There are about a million taste receptors in every person’s mouth. Each one responds to just one taste. But those flavors are pretty limited when it comes to what we really experience out of food. When you put a piece of food in your mouth, the odor molecules travel between your nose and mouth, and trigger the olfactory receptors at the top of the nasal cavity. When you’re sick, the molecules can’t reach those cell, so you don’t get any signals about the smell. Just about every thing you eat tastes the same, though you can identify temperature and texture. Our sense of smell is incredibly complex, with the average person being able to tell the difference between four thousand and ten thousand different types of odor molecule.

Some people don’t have a sense of smell. They suffer from a condition called anosmia, which prevents them from getting any of those subtle elements. For them, it’s like having a cold all the time. They can taste the burn of spicy food, but none of the associated “flavors” that most of us experience.
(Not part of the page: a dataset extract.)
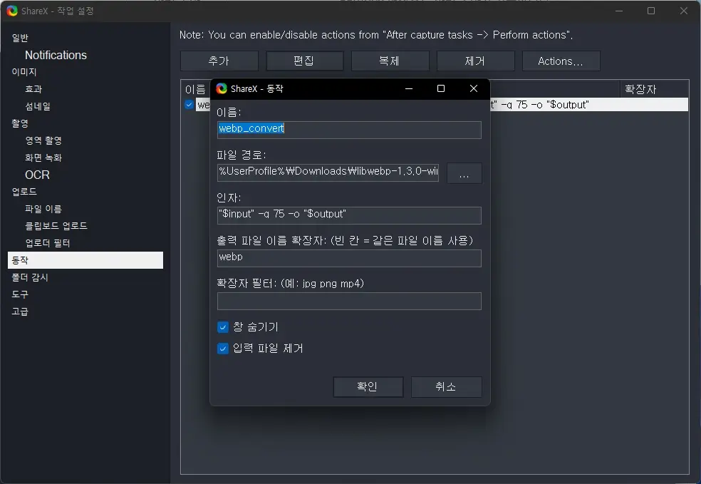 ShareX와 구글 Webp 라이브러리를 사용해서 webp 이미지 자동 생성
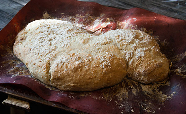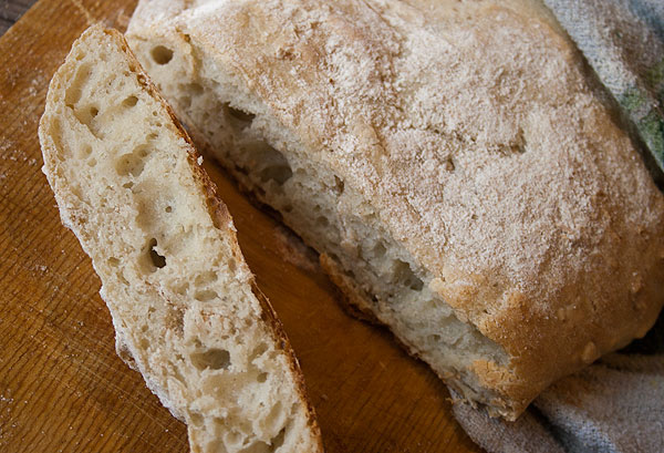 У хлеба изумительная хрустящая корка и крупные дырки. Совершенно чудесен хлеб с плавленным сыром, с малосольной семгой или с вареньем. Очень простой в приготовлении. Очень простой, и оттого еще более хороший, вкус.

Many people with this problem stick to really strong foods that they can get some kind of interesting sensation out of. Otherwise, they’re just limited to texture and temperature. Other people have disorders relating to just one taste, and may taste spicy food as bitter, or be unable to recognize sweetness. You can even be born with a sense of smell that influences how you taste, then lose it later in life, making your favorite foods boring.

What you can smell has a lot to do with what you can taste, and even minor differences in how your body is put together can make a huge difference in your preferences. That’s why some of us love to fill our coffee with sugar, and others like it black. It’s also why some people love richly spiced foods with strong smells, and other people think they’re overpowering. Smell and taste are inextricably linked! Next time you try your favorite food, think about how it smells. That’s a lot of why you enjoy it.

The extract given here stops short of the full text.